UwU

Rethinking the concept of gender

Note: These are mostly ramblings resulting from my thoughts about who am I and what is gender that came to my mind when I was taking a shower. They are very badly structured, probably have a lot of gramatical and typographical and other kind of errors, and are not a result of a deep study into that topic. It's more of a stream of thoughts translated into a digital form.

Why are we still thinking in the terms of thousands-years-old concepts when talking about who people are? Why does we still differentiate between 'men' and 'women', outside of the scope of biology? Why there exists a concept of a "social gender"?

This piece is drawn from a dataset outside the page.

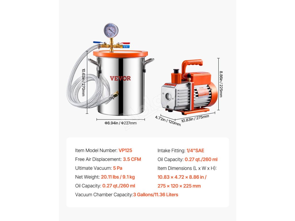 3 galónová vákuová komora so súpravou čerpadla 3,5 CFM

Here I just want to clarify that I don't have an opinion regarding trans people in sports. This is not the point of this piece, nor do I feel like talking about it.

Why does it matter what kind of body do I have? Why is question "are you man or woman" any different from "what is size of your breasts" or "how long is your penis"?

We can often hear "I'm a woman in a male body", "I hate this female body", etc, — but why would be a body, in which we grew up, be defined by someone else? For example, I was not born a girl in a male body, I was born a girl in my own body. The fact that it has parts stereotypically atributted to male "biological gender" does not change anything in the perception of myself.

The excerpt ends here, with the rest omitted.